What this task involves
Set down the full listing exactly as given. Any pictures are to be left out.

Data shown
════

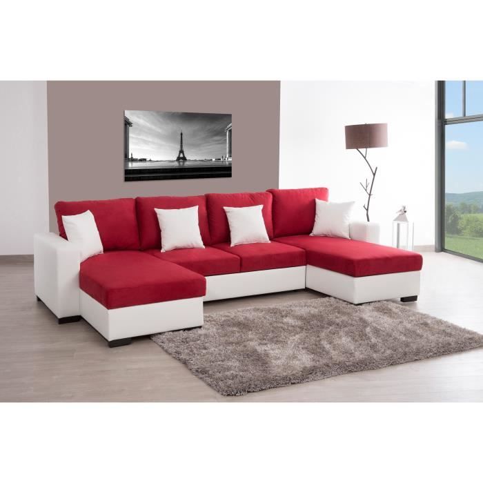 ALMA Canapé angle U convert PU blanc/micro rouge
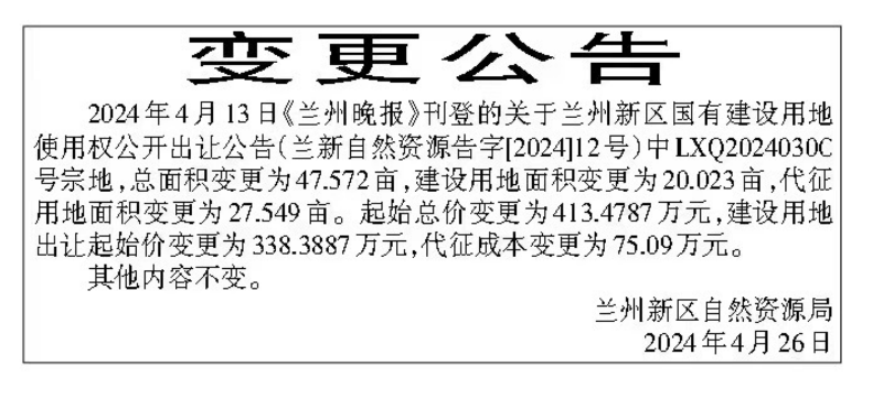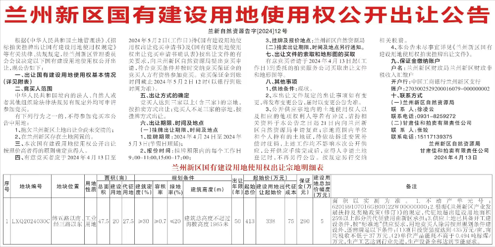 兰州新区国有建设用地使用权公开出让公告 兰新自然资源告字〔2024〕12号-捕鱼网
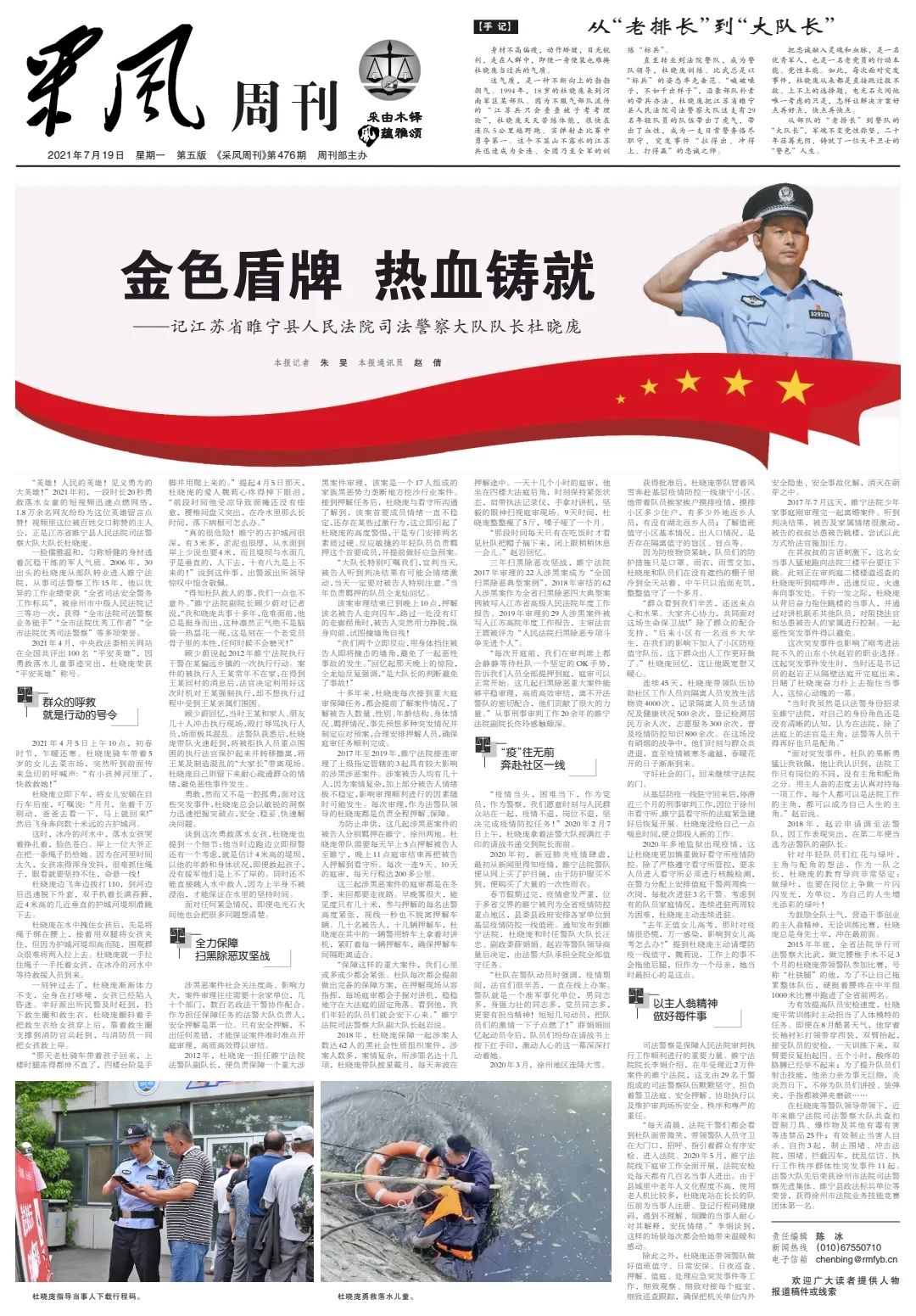 7月19日,《人民法院报》整版刊发睢宁法院杜晓庞大队长先进事迹。

════

Answer below
 ALMA Canapé angle U convert PU blanc/micro rouge
 兰州新区国有建设用地使用权公开出让公告 兰新自然资源告字〔2024〕12号-捕鱼网
 7月19日,《人民法院报》整版刊发睢宁法院杜晓庞大队长先进事迹。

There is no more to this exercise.